Exercise in exact copying: restate word for word only the lines below from the one containing "Darkrai vstar PSA" through the one containing "Anfang 18. Jh., Holz", omitting any pictures.

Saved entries
*****
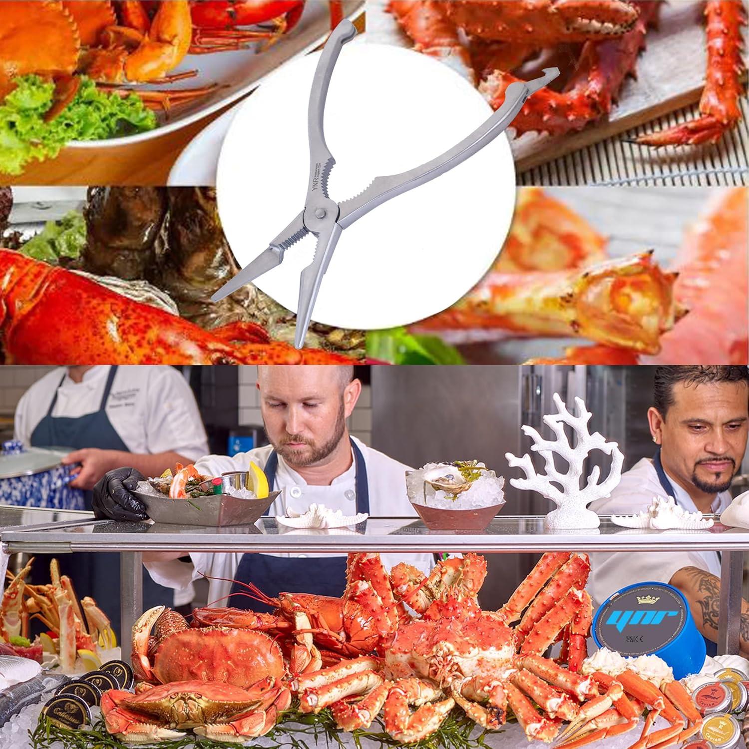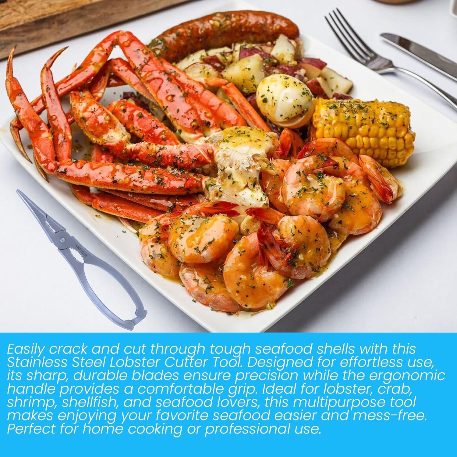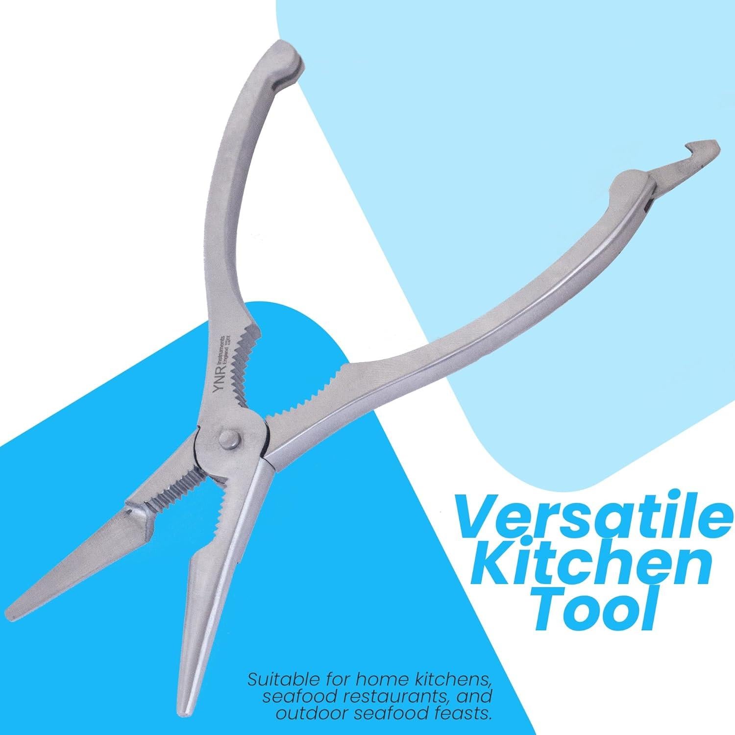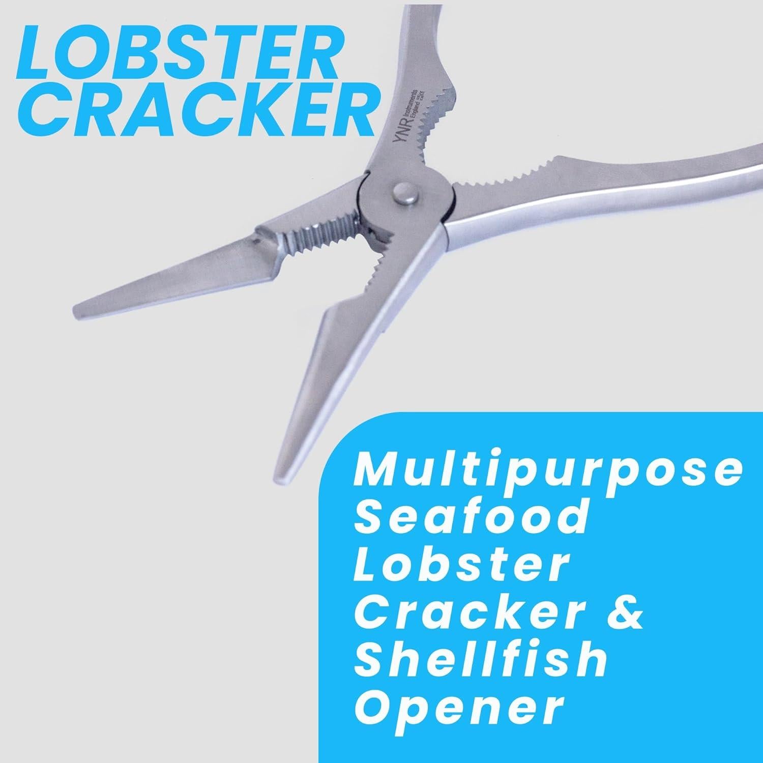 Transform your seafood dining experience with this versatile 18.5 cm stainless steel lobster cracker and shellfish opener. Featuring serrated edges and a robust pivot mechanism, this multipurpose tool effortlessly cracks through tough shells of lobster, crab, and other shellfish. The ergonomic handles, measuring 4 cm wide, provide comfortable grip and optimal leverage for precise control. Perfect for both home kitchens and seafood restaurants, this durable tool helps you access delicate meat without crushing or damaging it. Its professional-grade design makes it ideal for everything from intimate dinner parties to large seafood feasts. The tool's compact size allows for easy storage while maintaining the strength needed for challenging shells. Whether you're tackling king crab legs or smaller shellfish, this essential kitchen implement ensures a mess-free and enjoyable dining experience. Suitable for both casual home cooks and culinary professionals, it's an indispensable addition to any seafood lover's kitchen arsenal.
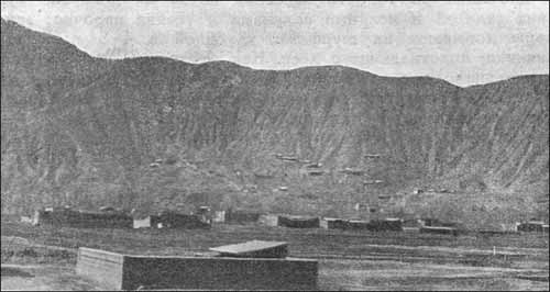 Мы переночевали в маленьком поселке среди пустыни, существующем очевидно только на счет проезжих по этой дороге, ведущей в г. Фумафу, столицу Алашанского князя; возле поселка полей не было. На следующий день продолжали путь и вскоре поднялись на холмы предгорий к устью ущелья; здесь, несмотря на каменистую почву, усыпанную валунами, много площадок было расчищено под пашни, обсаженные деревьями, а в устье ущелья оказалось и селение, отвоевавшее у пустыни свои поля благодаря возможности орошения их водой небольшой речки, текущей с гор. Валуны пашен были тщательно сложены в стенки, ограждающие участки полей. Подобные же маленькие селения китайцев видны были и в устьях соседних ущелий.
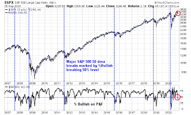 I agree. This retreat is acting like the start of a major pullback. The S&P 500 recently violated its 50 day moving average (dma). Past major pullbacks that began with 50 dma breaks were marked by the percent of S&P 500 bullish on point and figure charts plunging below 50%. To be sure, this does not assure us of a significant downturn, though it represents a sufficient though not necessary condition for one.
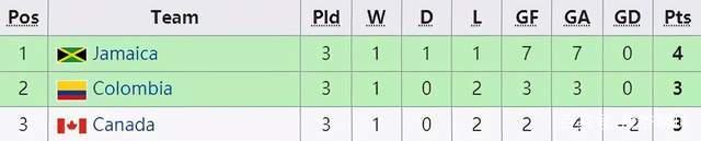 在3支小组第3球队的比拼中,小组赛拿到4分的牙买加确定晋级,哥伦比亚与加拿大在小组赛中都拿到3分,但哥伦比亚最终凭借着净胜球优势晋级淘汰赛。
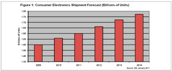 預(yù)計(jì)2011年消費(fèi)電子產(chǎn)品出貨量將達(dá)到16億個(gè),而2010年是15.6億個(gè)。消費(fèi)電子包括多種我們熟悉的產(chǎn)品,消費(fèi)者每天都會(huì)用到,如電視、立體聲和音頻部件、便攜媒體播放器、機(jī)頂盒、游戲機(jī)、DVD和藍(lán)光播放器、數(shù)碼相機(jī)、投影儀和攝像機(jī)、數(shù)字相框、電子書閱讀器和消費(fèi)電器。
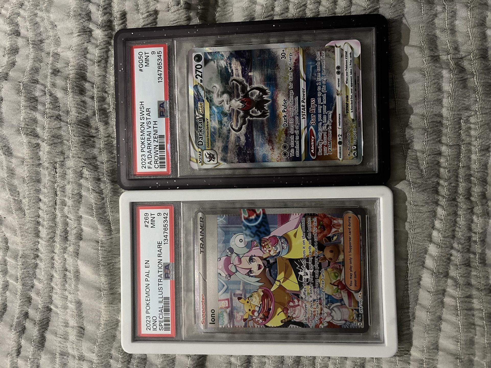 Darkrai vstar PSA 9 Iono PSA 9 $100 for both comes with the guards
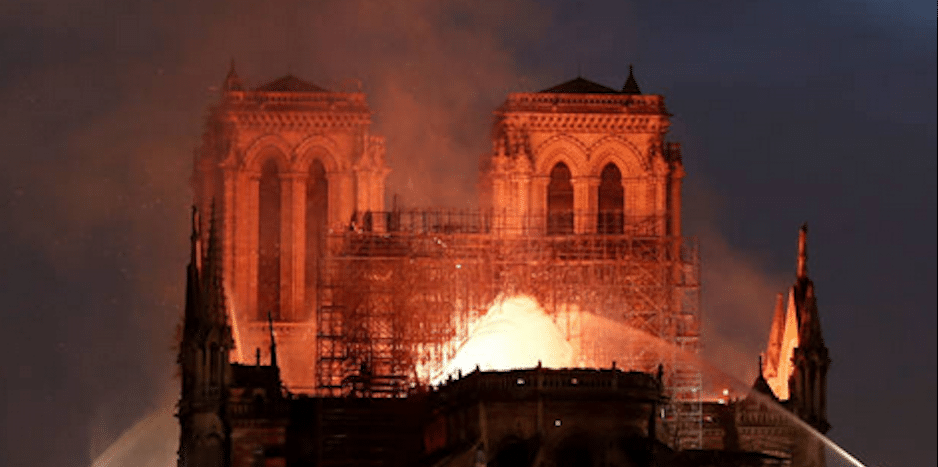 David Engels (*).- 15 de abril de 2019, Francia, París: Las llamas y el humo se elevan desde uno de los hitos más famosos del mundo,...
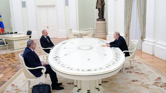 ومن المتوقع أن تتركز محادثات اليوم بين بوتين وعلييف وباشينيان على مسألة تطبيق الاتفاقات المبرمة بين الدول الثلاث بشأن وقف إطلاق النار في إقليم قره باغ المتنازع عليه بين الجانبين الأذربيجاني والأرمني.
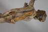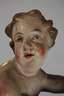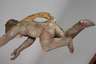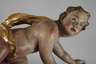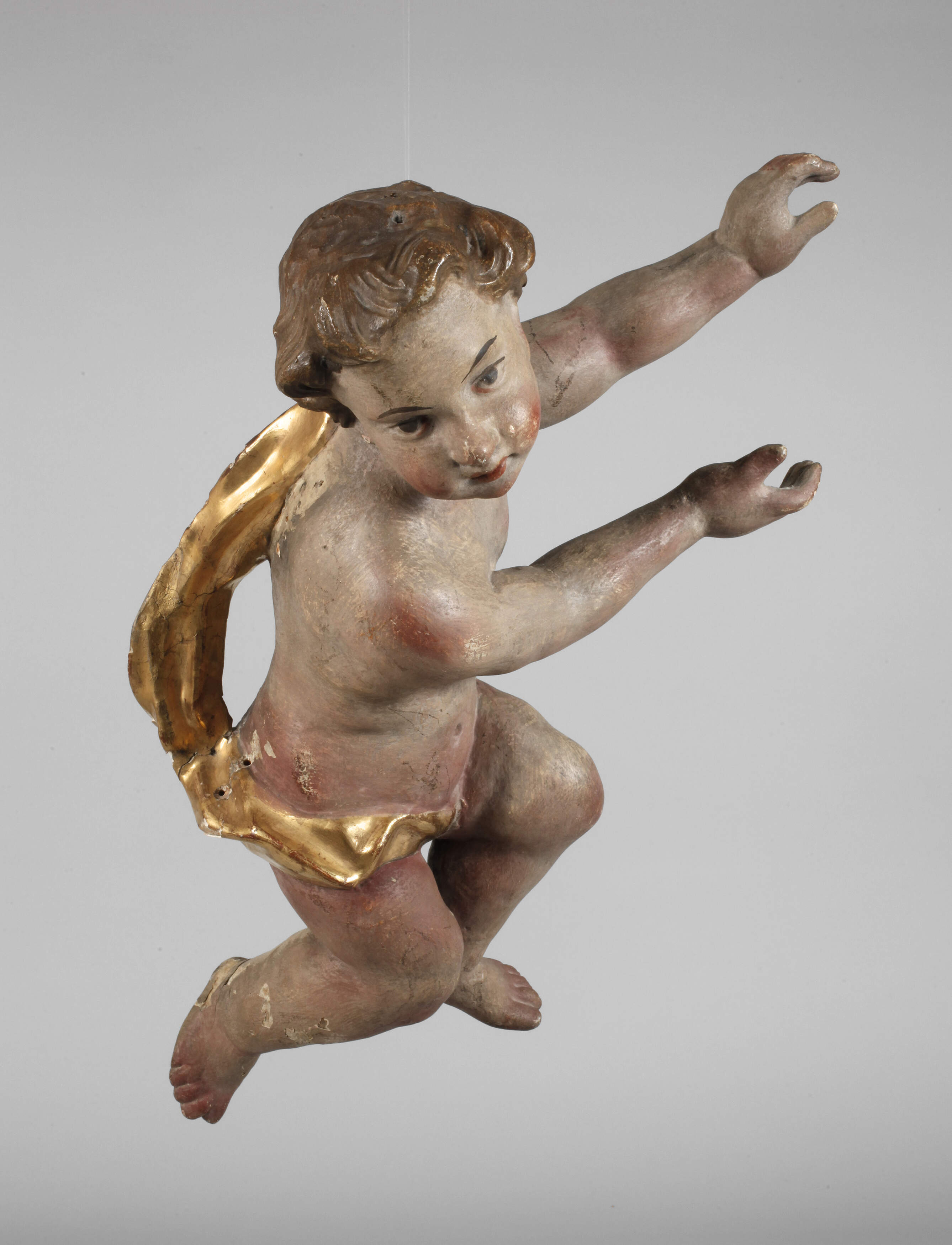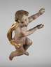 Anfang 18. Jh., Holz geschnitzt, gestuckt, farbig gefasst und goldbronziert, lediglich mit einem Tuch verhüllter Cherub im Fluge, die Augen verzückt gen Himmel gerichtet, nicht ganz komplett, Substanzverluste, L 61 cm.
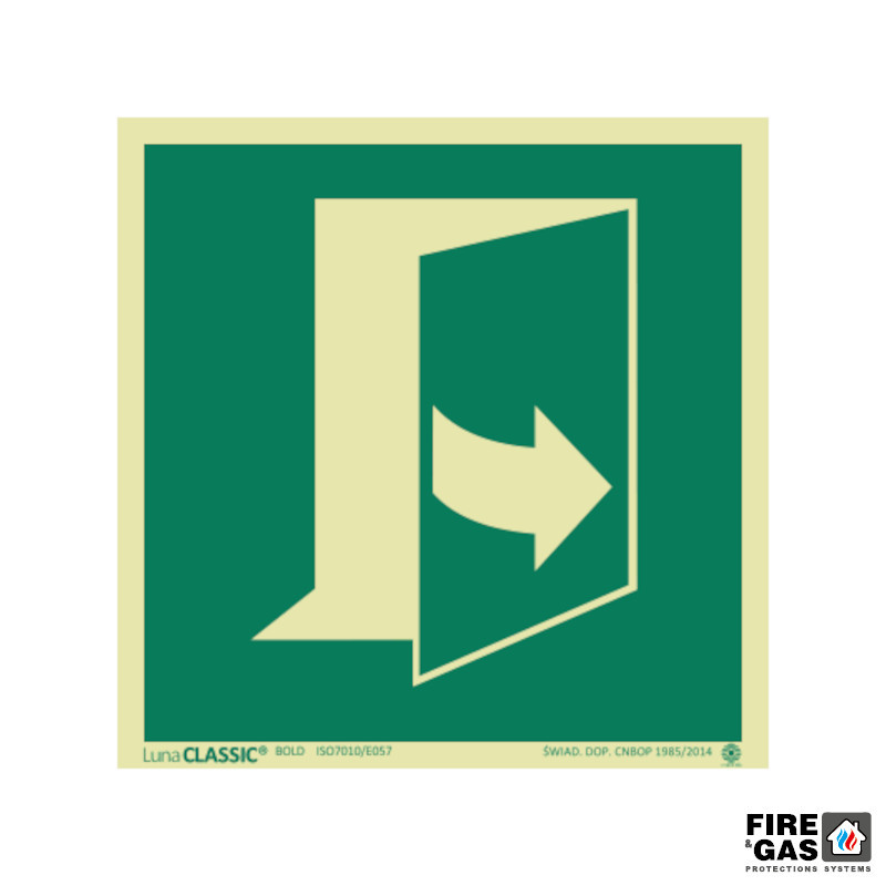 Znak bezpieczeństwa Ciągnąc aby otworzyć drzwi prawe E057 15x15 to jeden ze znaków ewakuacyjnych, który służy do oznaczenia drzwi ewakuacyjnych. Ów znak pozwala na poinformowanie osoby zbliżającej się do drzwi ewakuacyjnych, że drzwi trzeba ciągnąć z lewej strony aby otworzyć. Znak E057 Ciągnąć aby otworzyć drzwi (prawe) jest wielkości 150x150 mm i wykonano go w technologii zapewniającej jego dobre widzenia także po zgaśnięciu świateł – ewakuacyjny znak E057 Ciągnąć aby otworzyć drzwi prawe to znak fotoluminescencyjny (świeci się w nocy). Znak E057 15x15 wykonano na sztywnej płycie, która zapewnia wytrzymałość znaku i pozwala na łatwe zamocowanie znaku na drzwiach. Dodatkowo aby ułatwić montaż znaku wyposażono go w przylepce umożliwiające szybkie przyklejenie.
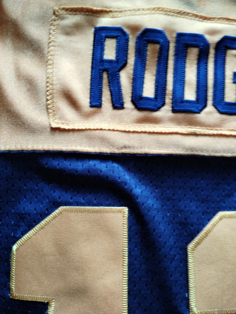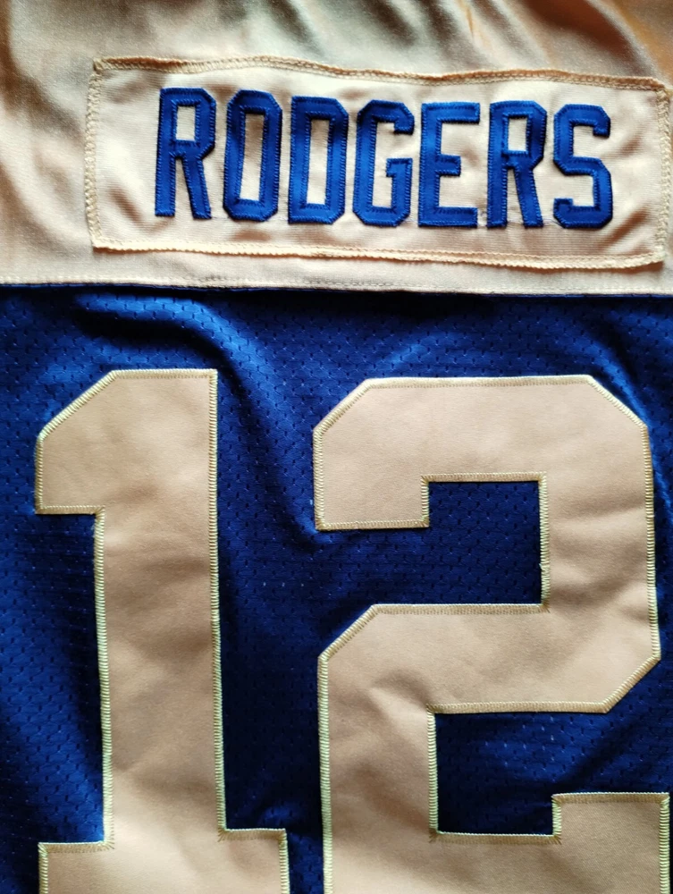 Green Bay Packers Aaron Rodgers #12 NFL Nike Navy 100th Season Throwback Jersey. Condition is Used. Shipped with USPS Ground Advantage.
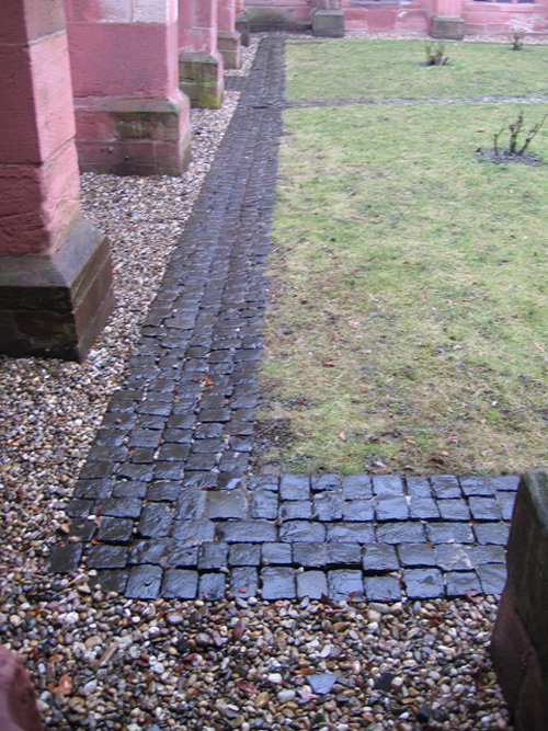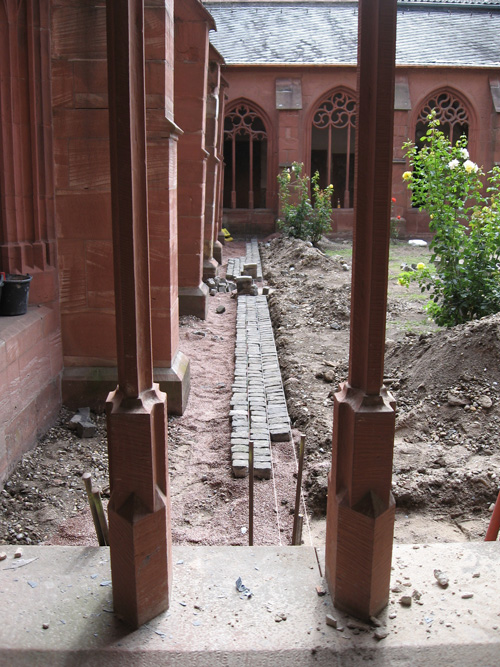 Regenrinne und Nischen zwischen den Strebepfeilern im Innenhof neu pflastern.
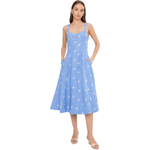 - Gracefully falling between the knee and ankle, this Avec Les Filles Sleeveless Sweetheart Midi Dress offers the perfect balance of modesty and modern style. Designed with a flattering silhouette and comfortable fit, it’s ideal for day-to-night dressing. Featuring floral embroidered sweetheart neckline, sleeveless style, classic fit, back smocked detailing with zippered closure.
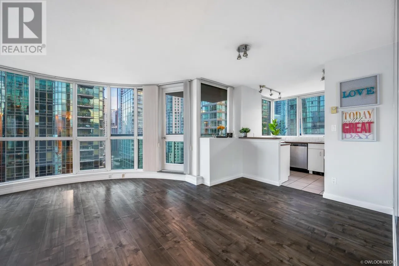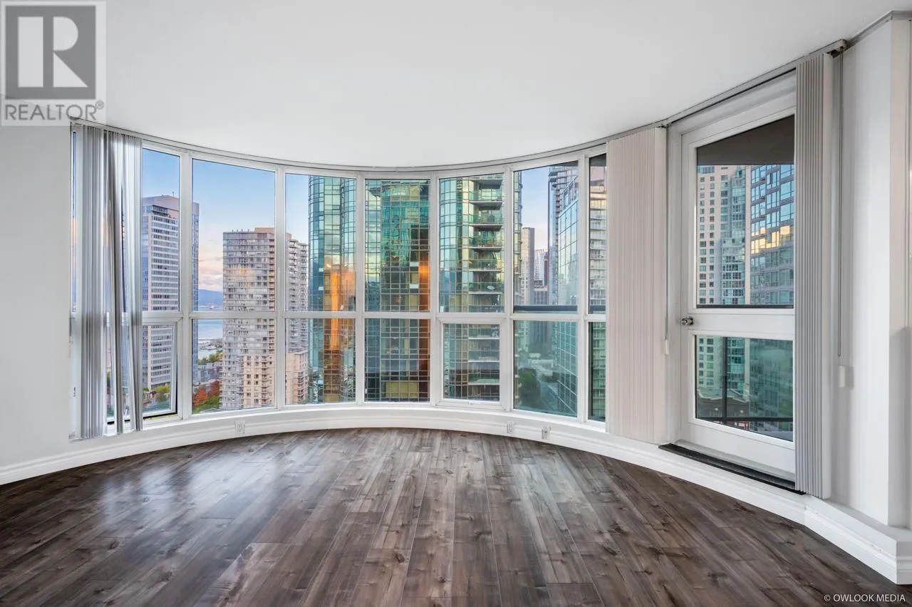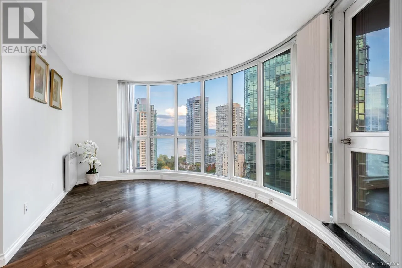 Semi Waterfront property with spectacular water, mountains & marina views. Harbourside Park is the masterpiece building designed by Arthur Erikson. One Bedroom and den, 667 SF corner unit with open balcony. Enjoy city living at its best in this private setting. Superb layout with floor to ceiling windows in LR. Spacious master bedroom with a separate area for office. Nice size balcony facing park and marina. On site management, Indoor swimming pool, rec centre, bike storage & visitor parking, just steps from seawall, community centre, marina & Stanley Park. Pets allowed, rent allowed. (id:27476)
*****
Result of this task:
 Darkrai vstar PSA 9 Iono PSA 9 $100 for both comes with the guards
 David Engels (*).- 15 de abril de 2019, Francia, París: Las llamas y el humo se elevan desde uno de los hitos más famosos del mundo,...
 ومن المتوقع أن تتركز محادثات اليوم بين بوتين وعلييف وباشينيان على مسألة تطبيق الاتفاقات المبرمة بين الدول الثلاث بشأن وقف إطلاق النار في إقليم قره باغ المتنازع عليه بين الجانبين الأذربيجاني والأرمني.
 Anfang 18. Jh., Holz geschnitzt, gestuckt, farbig gefasst und goldbronziert, lediglich mit einem Tuch verhüllter Cherub im Fluge, die Augen verzückt gen Himmel gerichtet, nicht ganz komplett, Substanzverluste, L 61 cm.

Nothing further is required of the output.